Custom, Excise & Service Tax Tribunal
Badrika Motors (P) Ltd vs C.C.C.Ex. & S. Tax, Bhopal on 27 November, 2013
CUSTOMS EXCISE & SERVICE TAX APPELLATE TRIBUNAL, West Block No.2, R.K.Puram, New Delhi COURT-I Date of hearing/decision: 27.11.2013 Service Tax Appeal No.1753 of 2012-SM Arising out of the Order in appeal No.64/BPL/2012, dated 28.3.2012 passed by the Commissioner (Appeals), Central Excise & Service Tax, Bhopal. For Approval and Signature: Honble Mr. Justice G. Raghuram, President 1 Whether Press Reporter may be allowed to see the Order for publication as per Rule 26 of the CESTAT (Procedure) Rules, 1982? 2 Whether it should be released under Rule 26 of CESTAT (Procedure) Rules, 1982 for publication in any authoritative report or not? 3 Whether their Lordships wish to see the fair copy of the Order? 4 Whether Order is to be circulated to the Departmental authorities? Badrika Motors (P) Ltd. .. Appellant Vs. C.C.C.Ex. & S. Tax, Bhopal .. Respondent
Appearance:
Present Ms. Asmita A. Nayak with Shri Ranjeet K. Ranjan, Advocates for the appellants Present Shri Sanjay Jain, A.R. for the respondent Coram: Honble Mr. Justice G.Raghuram, President Final Order No. 58380/2013 Per Justice G. Raghuram:
Heard Ms. Asmita A. Nayak, ld. Counsel for the appellant and Shri Sanjay Jain, ld. A.R. for the responden/Revenue.
2. The Assistant Commissioner, Customs & Central Excise, Satna passed the Order-in-Original dated 23.8.2011 disallowing cenvat credit of Rs.2,77,188/- and Rs.54,062/- and directed recovery along with interest and penalty of Rs.3,31,250/- under Section 78 of the Act. The disallowance of cenvat credit as specified was pursuant to two show cause notices 22.1.2010 and 18.10.2010. The period in issue is 2006-07 to August, 2009. The appellant is a dealer which entered into a dealership agreement with Hero Honda Motors Limited for marketing and distribution; sales; service and vending spare parts of two wheelers manufactured by Hero Honda Motors Limited. The dealership agreement, inter-alia obligates the appellant to promote, develop and maintain sales of products and parts and service of Hero Honda Motors Limited. The two wheelers and spare parts were transported by the company to the appellants business premises by goods transport vehicle. On the remittances made to the goods transport agencies towards transport charges, the appellant remitted the service tax under the taxable Goods Transport Agency service, under the reverse charge mechanism enjoined in Section 66A of the Act. The appellant availed cenvat credit on the service tax remitted for GTA, in respect of the tax remittable for having provided the Business Auxiliary Service to M/s Hero Honda Motors Limited, by way of sales and service of the latters products. The adjudicating authority disallowed the cenvat credit availed on the ground that the taxable Authorised Service Station and Business Auxiliary Service provided by the appellant have no nexus with the remittances made for the goods transport agency service provided to the appellant for transport of new two wheelers from Hero Honda Motors Limited factory to the show room; that there was no possibility of verifying whether all the new vehicles sold by the appellant would invariably come to the appellants authorized service station for servicing; and that some of the vehicles services by the appellant would also comprise those sold by some other dealers. The appellate authority rejected the appellants claim substantially for the same reason as recorded by the primary authority.

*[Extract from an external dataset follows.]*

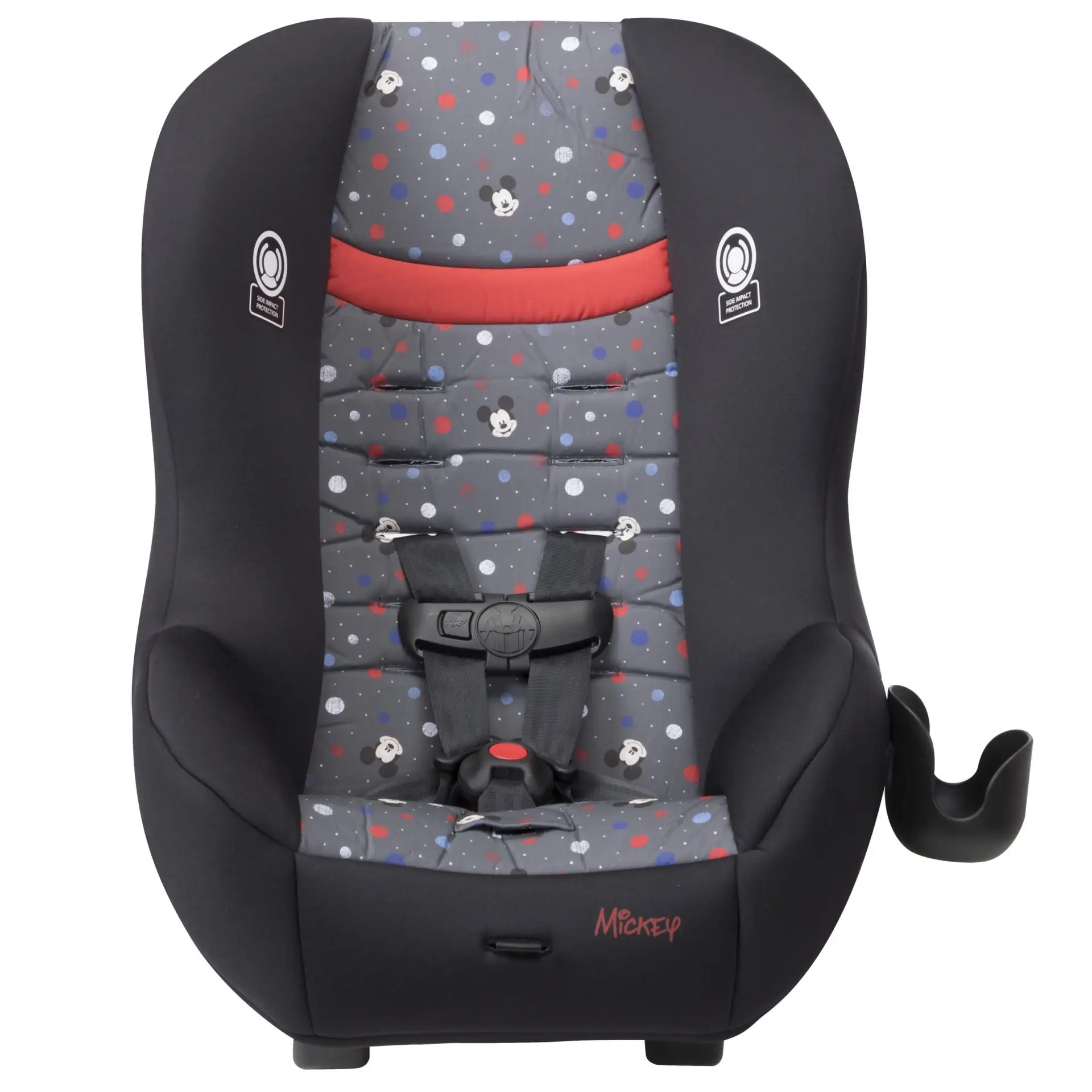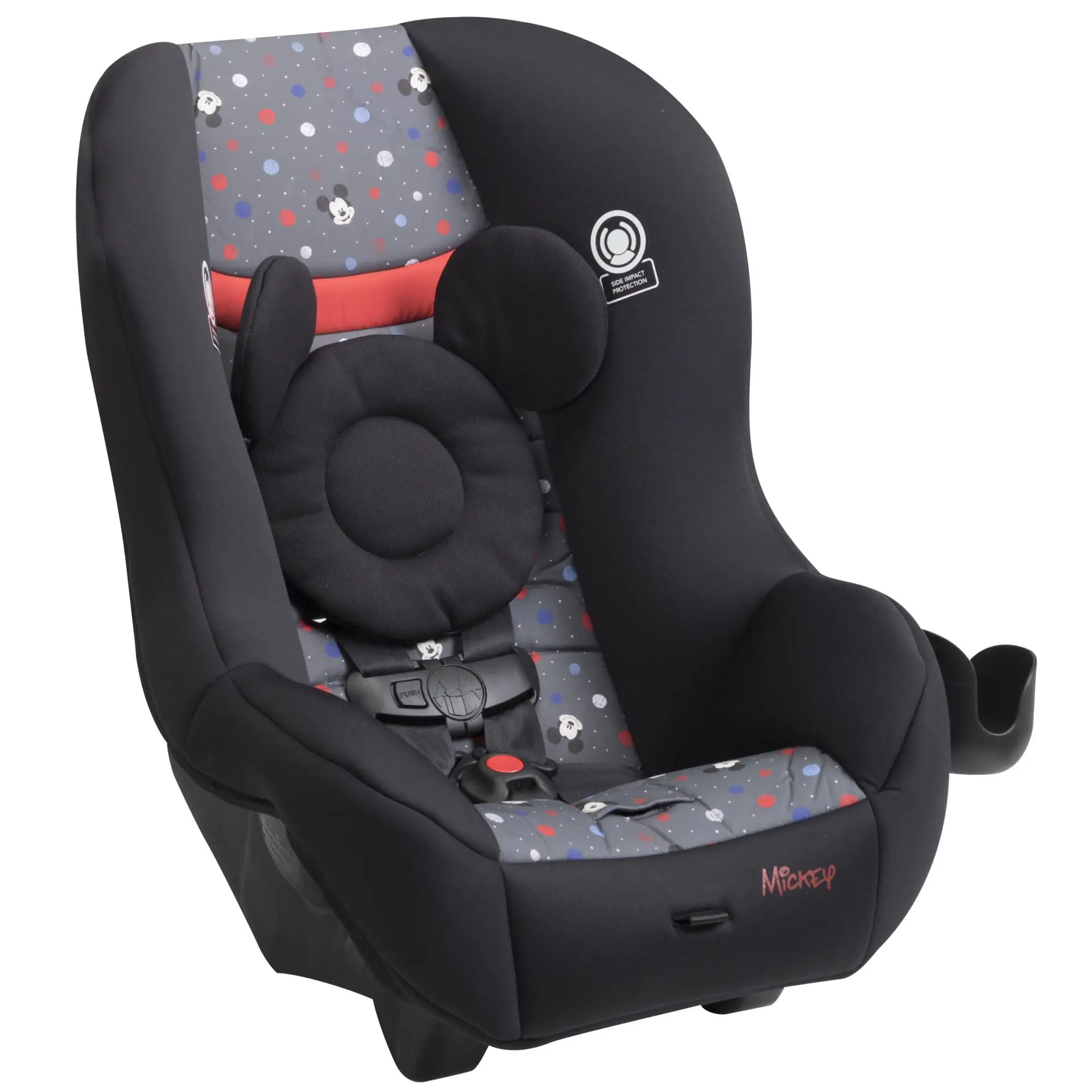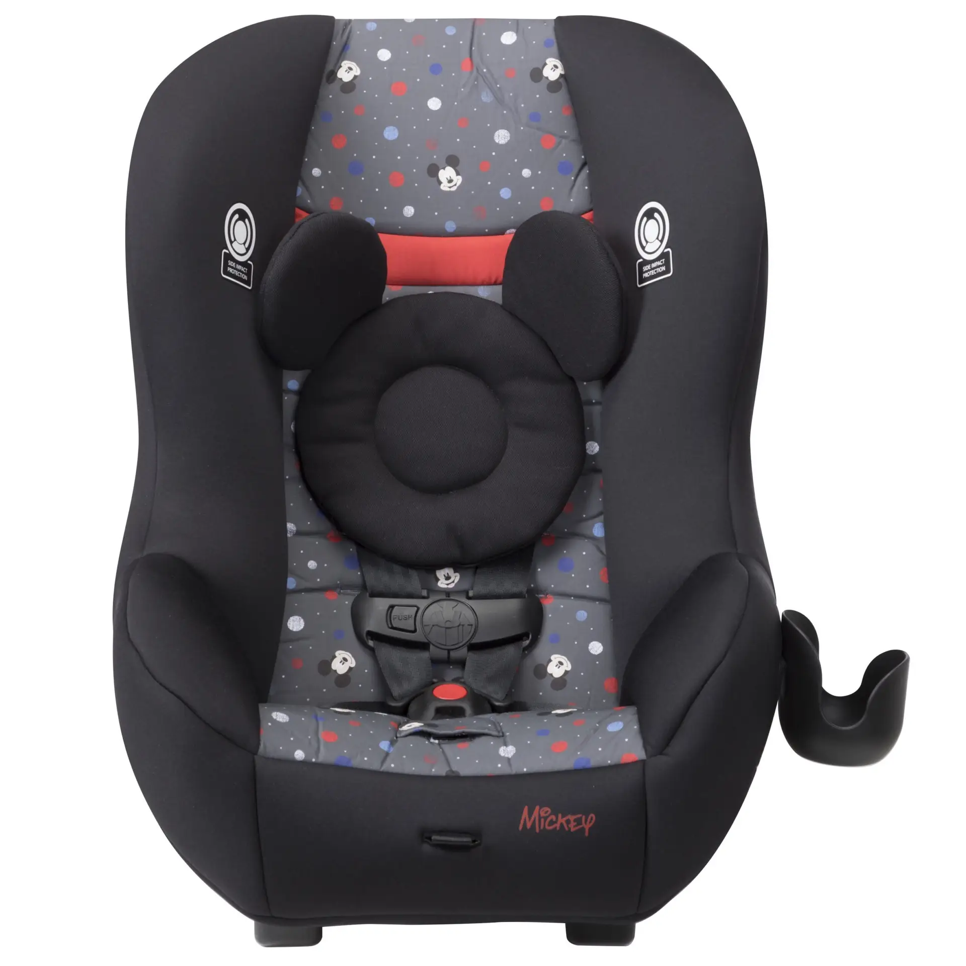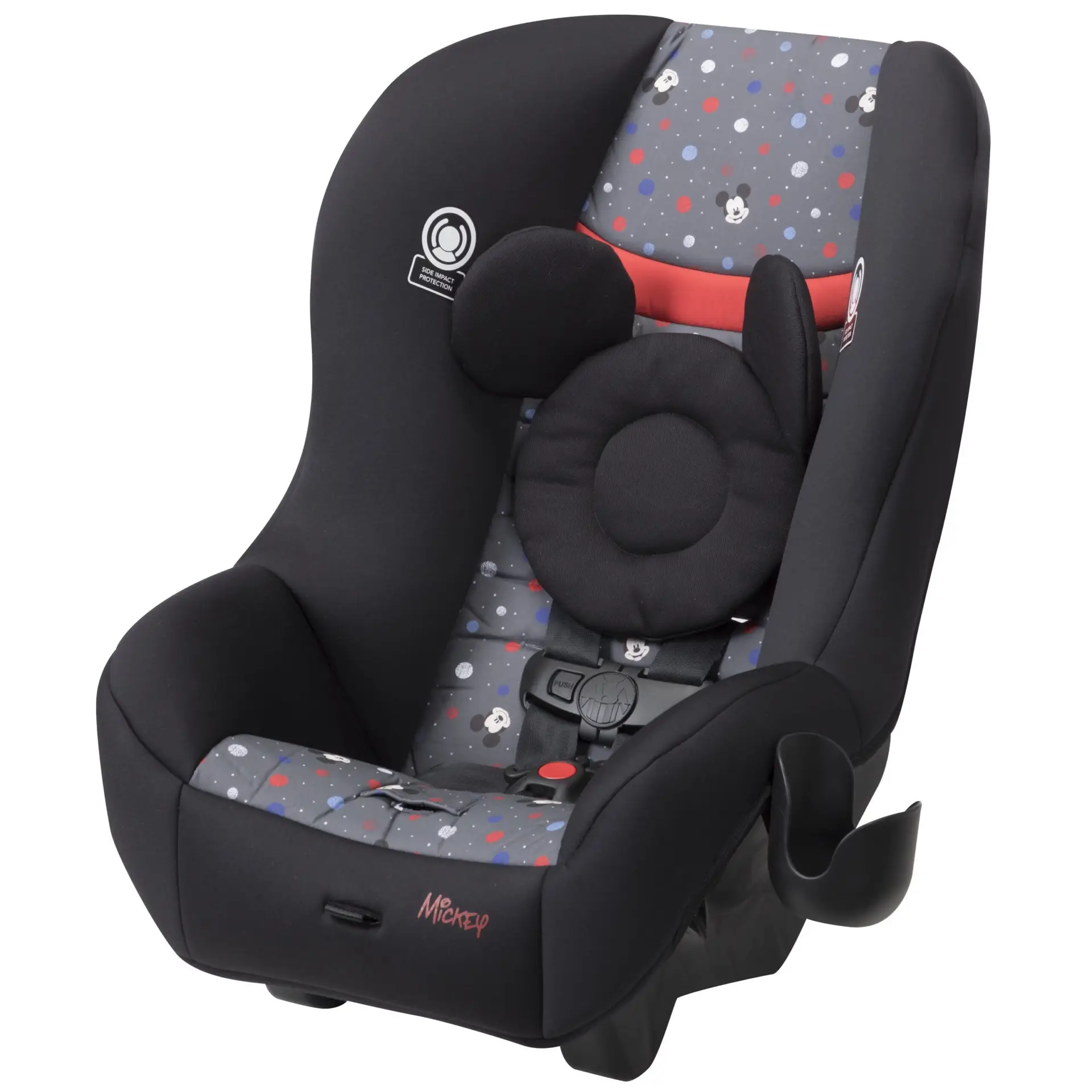 The Disney Baby Scenera NEXT Luxe keeps your growing family comfortable in the car. The seat is designed to fit 3 across in the back seat, keeping three kids safe during the ride with side impact protection and a 5-point harness that adjusts easily from the front of the seat. The harness features 5 heights and 3 buckle locations so you can be sure you’re giving the best fit to your growing child. The seat features an adorable mouse-eared insert to keeps baby’s head extra snug during the ride. The car seat can be used in the rear-facing position from 5-40 pounds or forward-facing from 22-40 pounds (Actual fit may vary. Not all children will comfortably fit in the seat for the full weight and height ranges listed). The seat pad removes from the seat and is both machine washable and dryer safe, meaning a thorough clean is just a machine cycle away. The Scenera NEXT Luxe is great for airplanes too. It’s fully approved for air travel and gives your child a familiar seat during the flight. It’s lightweight, and won’t weigh you down as you carry it through the airport. Taking the seat with you also means you’ll have it on hand for use in the rental car during your trip.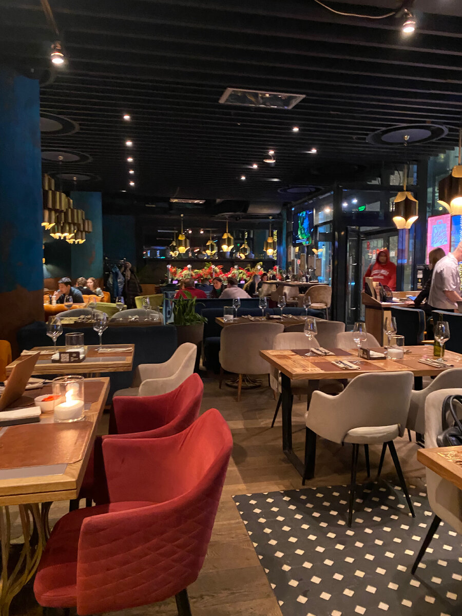 В ресторане царит особая атмосфера: высокие потолки, панорамные окна и стильные мягкие кресла создают невероятный уют. Здесь заготовят множество блюд с акцентом на мясо, включая премиальные стейки, альтернативные варианты, бары, тартары и даже бургеры. Каждое блюдо манит своим вкусом и идеальным сочетанием компонентов.

3. Rule 2(l) of the Cenvat Credit Rules, 2004 defines input service as meaning any service used by a provider of taxable service for providing an output service. In terms of the agreement between the appellant and Hero Honda Motors Limited, the appellant is required not only to engage itself in the sales of products and spares but to service the two wheelers as well. It is axiomatic that no precise or mathematical correlation is required between the input and output services. It cannot be disputed that the appellant does service two wheelers manufactured by the Company and that the tax on GTA service was remitted for the transport of two wheelers and spares from the manufacturer to the appellants show room.
4. In my considered view this is a sufficient and a proximate nexus for availment of cenvat credit earned on remittances of tax on GTA services, for utilization in its output service as authorized service station and provider of BAS. An identical view was taken by this Tribunal in Sri Venkanna Motors Pvt. Ltd. vs. Asstt.Commr. of C. Ex. & S.T., Hyderabad 2009 (16) STR 34 (Tri-Bang.) and C.C.E., Tirupathi vs. Shariff Motors 2010 (18) STR 64 (Tri-Bang.).
5 On the aforesaid analyses, the adjudication order dated 23.8.2011 as confirmed by the Commissioner (Appeals), Bhopal dated 28.3.2012 cannot be sustained and is accordingly quashed. The appeal is allowed but in the circumstances without costs.